As imagens dos deputados federais que se autodeclararam negros ou pardos e que foram eleitos no domingo (2), repercutiram na internet. Fotos desses candidatos vieram à tona na reportagem da Folha de São Paulo, que publicou dados que concluíram que a Direita foi a que mais elegeu candidatos negros.

Em entrevista ao MUNDO NEGRO, Najara Costa, eleita co-deputada do mandato Movimento Pretas em São Paulo, fala sobre a conveniência de candidatos que trocaram a cor após mudança do Tribunal Superior Eleitoral estabelecer novas regras na distribuição do fundo eleitoral, em dezembro de 2021. “Agora, como existem ações afirmativas na política, tanto com relação à questão de gênero, quanto com relação a maior verba para candidaturas negras, há também essas fraudes que estão acontecendo de forma escancarada na política brasileira”.

A socióloga e autora do livro “Quem é Negra/o no Brasil?“, que levanta a importância das cotas raciais e das comissões de heteroidentificação, na qual ela faz parte desde 2016 e identifica a falta que faz as avaliações para aprovar as candidaturas, além do viés estrategista da direita.

“A direita tem se apropriado desse debate. A questão racial tem norteado todo o debate político, até mesmo de candidatura de direita, o que a gente não via acontecer antes. Essa fraude da autodeclaração racial, ela se orienta nesse sentido. Ela já acontecia nas universidades, nos serviços públicos e obviamente precisaremos de comissões de heteroidentificação”, afirma Najara. “A bancada que se autodeclara negra e que traz isso como identidade política, tem políticas e pautas de retirada de direitos da população negra”, completa.

Essas eleições fizeram história por terem mais candidatos negros (49,6%) do que brancos (48,8%). Apesar de um aumento no número de eleitos não-brancos, dos 513 parlamentares que tomam posse em 2023, somente 135 são autodeclarados negros (26%).

Pretas na Alesp

O mandato coletivo Movimento das Pretas (PSOL), encabeçado pela Mônica Seixas, também é formado pelas codeputadas Ana Laura Oliveira, Rose Soares, Karina Correia, Letícia Chagas e Poliana Nascimento. Elas foram eleitas com mais de 100 mil votos.

Movimento das Pretas foram eleitas com mais de 100 mil votos em SP (Foto: Renan Venola)

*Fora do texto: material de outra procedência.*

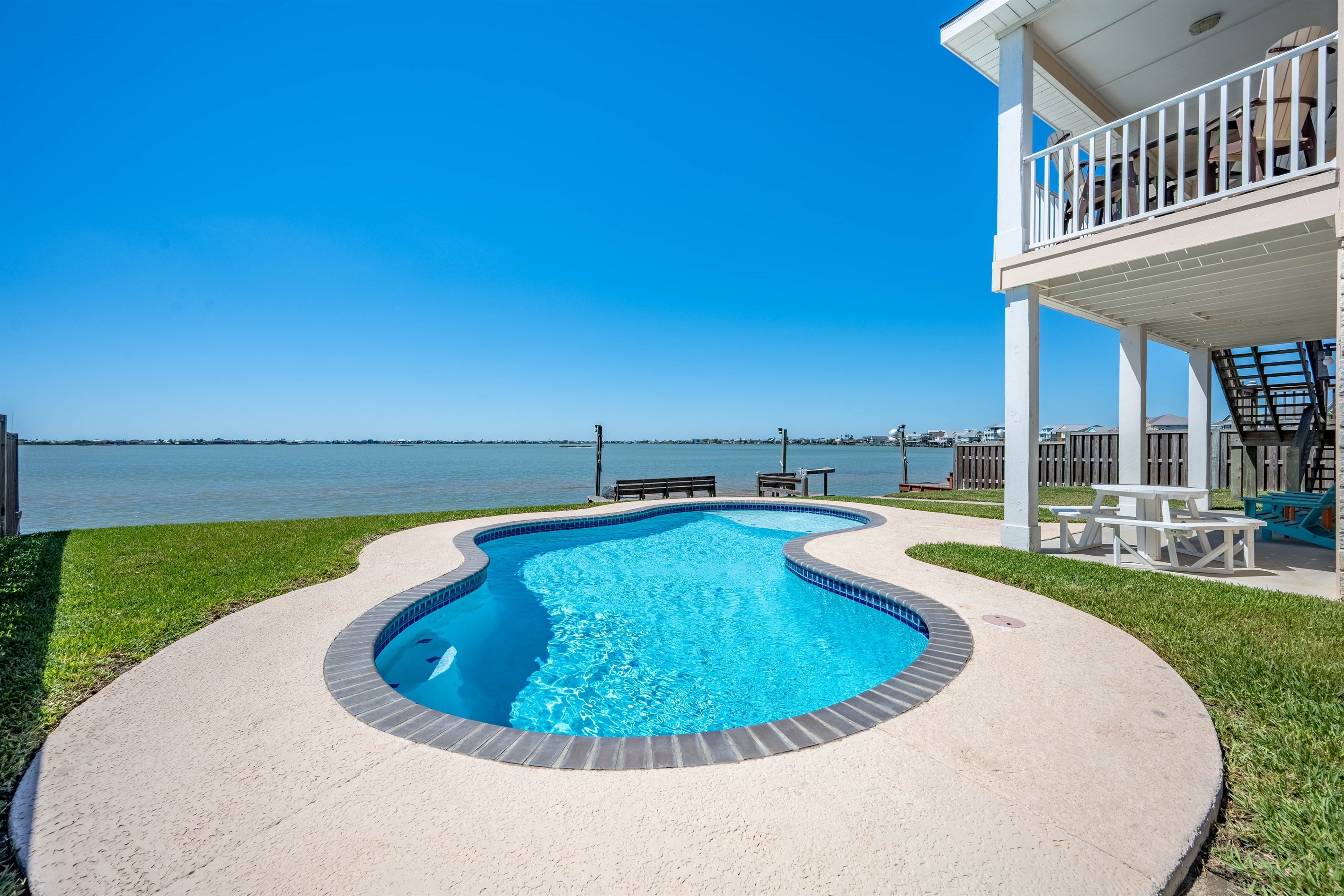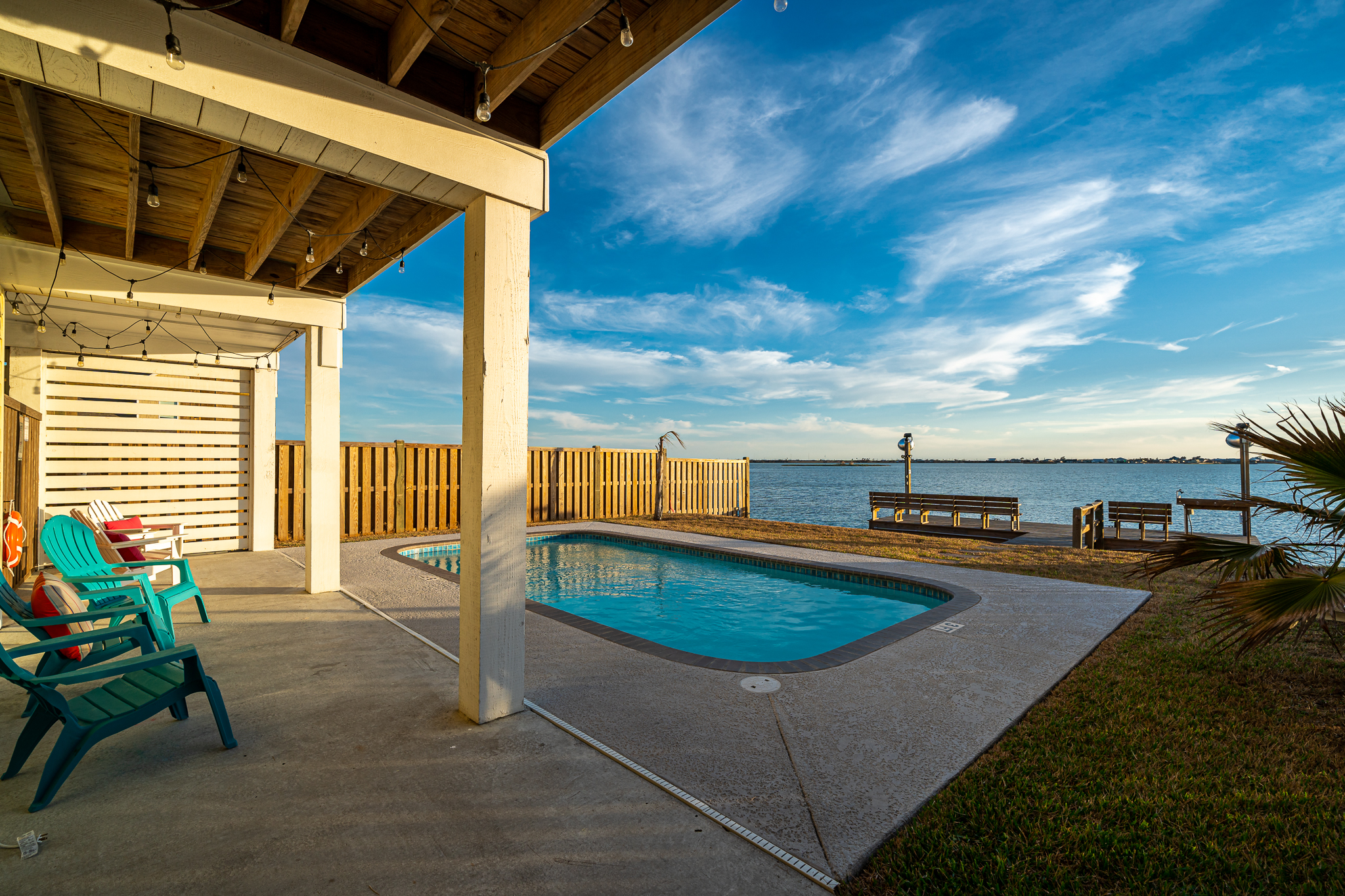 Gorgeous vacation home on Salt Lake with heated private pool, lighted fishing pier, platform for easy kayak launching.

Najara Costa relata que apesar do aumento de pessoas negras na Assembleia Legislativa de São Paulo ainda houve um aumento pouco representativo. “Em 200 anos de história, a Alesp até essa eleição, só elegeu quatro mulheres negras, três na última legislatura. É uma falta de representação e eu considero que muitos mandatos que não são coletivos, acabam sendo coletivos também. Se temos aí uma maioria de pessoas negras, é necessário que tenhamos uma maioria de pessoas negras também no parlamento”, ressalta.

“É um pouco difícil falar de avanços no momento onde a gente tem tantas pessoas da extrema-direita sendo eleitos. A gente teve um pequeno acréscimo aí de mulheres sendo representadas no Congresso Nacional, tem um pouco mais de representatividade feminina, mas muitas dessas mulheres não representam as pautas e lutas coletivas de mulheres. Nós temos sim que lutar para que haja essa representação das mulheres negras e das mulheres periféricas, que vão trazer uma representação a partir da nossa base, a partir daquilo que a gente vive”.

Como ativista e agora codeputada, Najara afirma o compromisso da política antirracista e a luta pelos direitos das mulheres.